- Other names: ML
- Mucolipidosis has an autosomal recessive pattern of inheritance
- Specialty: Endocrinology

= Mucolipidosis =

Inherited metabolic disorder

Mucolipidosis is a group of inherited metabolic disorders that affect the body's ability to carry out the normal turnover of various materials within cells.

When originally named, the mucolipidoses derived their name from the similarity in presentation to both mucopolysaccharidoses and sphingolipidoses. A biochemical understanding of these conditions has changed how they are classified. Four conditions (types I, II, III, and IV) were historically labeled as mucolipidoses. However, type I (sialidosis) is now classified as a glycoproteinosis, and type IV (Mucolipidosis type IV) is now classified as a gangliosidosis.

==ML II and III==

The other two types are closely related.

Mucolipidosis types II and III (ML II and ML III) result from a deficiency of the enzyme N-acetylglucosamine-1-phosphotransferase, which phosphorylates target carbohydrate residues on N-linked glycoproteins.
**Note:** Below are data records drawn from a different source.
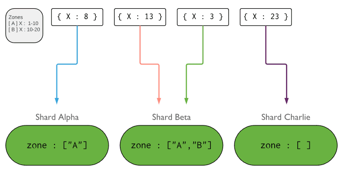下图说明了具有三个分片和两个区域的分片集群。 A区域代表下边界为1且上限为10的范围。B区域代表下边界为10且上限为20的范围。分片Alpha和Beta具有A区域。 分片Beta也具有B区。分片Charlie没有与之关联的区域。 群集处于稳定状态。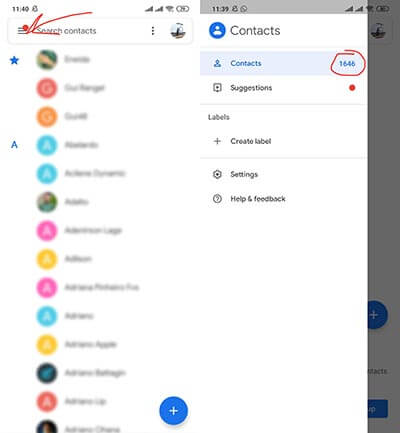 Google Contatos: total de contatos no celular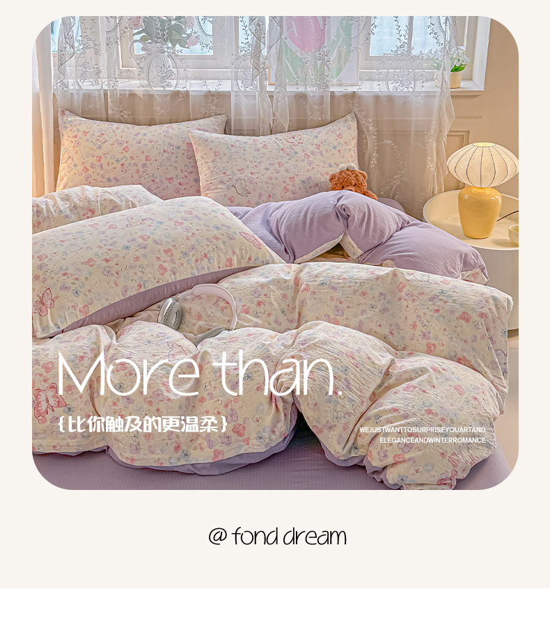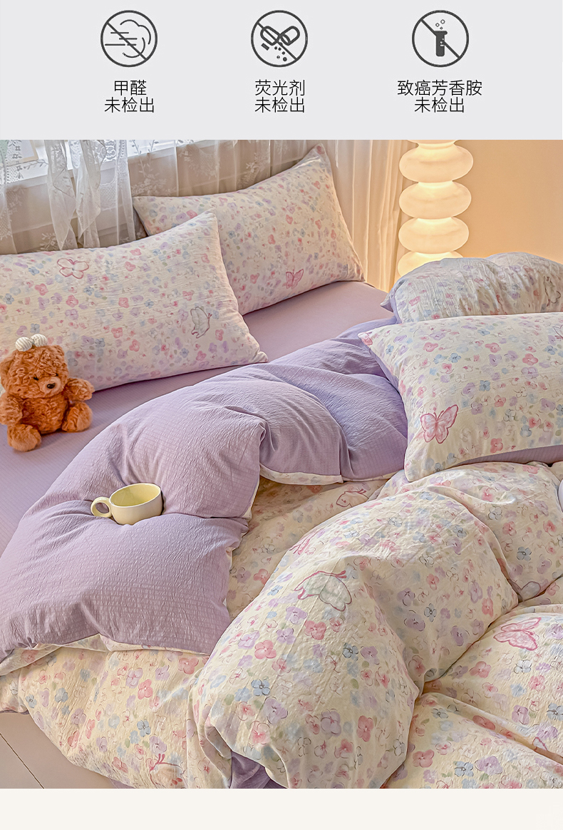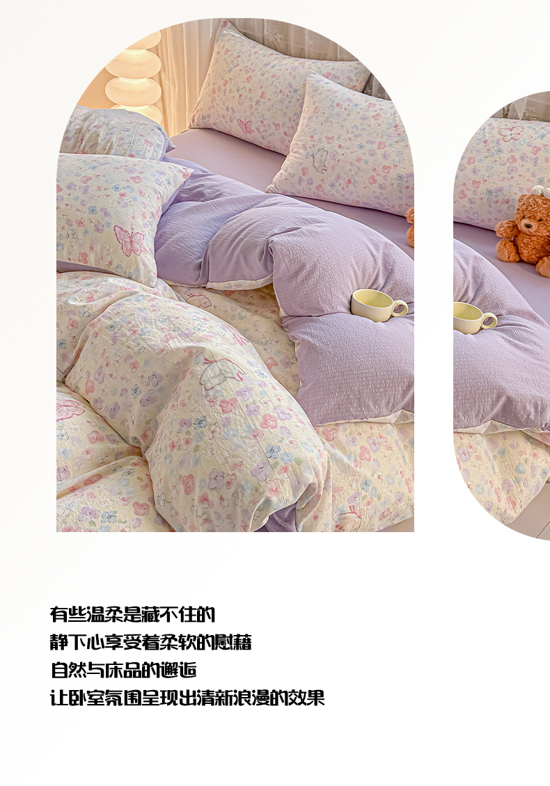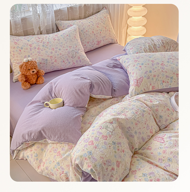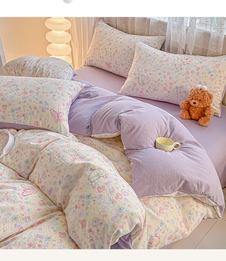 当前位置: 91家纺网 > 商品网购 > 床品套件 > 四件套 > 其它四件套 > 侯先生家纺新款直播爆款云感双层纱皱皱纱四件套小清新水洗棉床笠 繁花蝶影
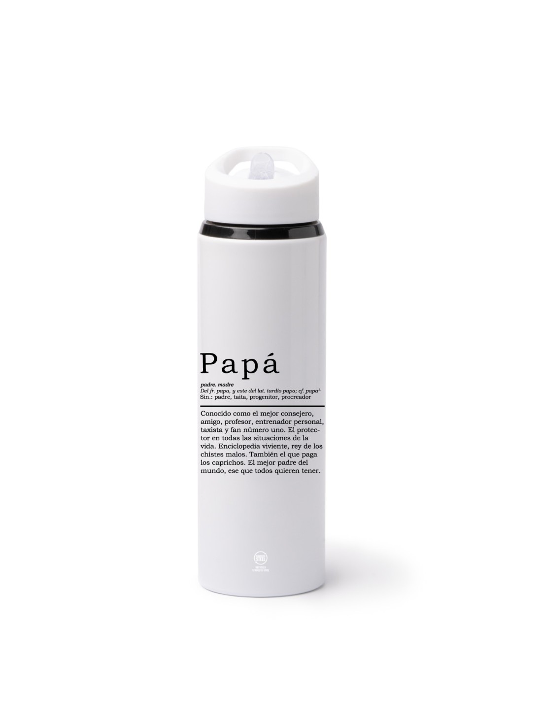 Original botella de acero inoxidable de 700 ml. decorada con una cariñosa definición de papá.

Without this phosphorylation, the glycoproteins are not destined for lysosomes, and they escape outside the cell.

== Genetics ==

The mucolipidoses are inherited in an autosomal recessive manner, that is, they occur only when a child inherits two copies of the defective gene, one from each parent. When both parents carry a defective gene, each of their children faces a one in four chance of developing one of the MLs. At the same time, each child also faces a one in two chance of inheriting only one copy of the defective gene. People who have only one defective gene are known as carriers. These individuals do not develop the disease but they can pass the defective gene on to their children. Because the defective genes involved in certain forms of ML are known, tests can identify people who are carriers in some instances.

== Diagnosis ==

The diagnosis of ML is based on clinical symptoms, a complete medical history, and certain laboratory tests. Symptoms of the disease are usually present at birth or begin in early childhood. Early symptoms can include skeletal abnormalities, vision problems, and developmental delays. Poor mental capacities and difficulty reaching physical developmental milestones may also be the result of mucolipidosis.

==Treatment==
There is currently no known treatment or specific therapy to cure this disease. However, multiple therapies can be used to help with some of the symptoms. Speech therapy and physical therapy may aid in a diagnosed child's motor and speech delays. Nutritional supplements such as iron and vitamin B12 may also be required if the patient needs them.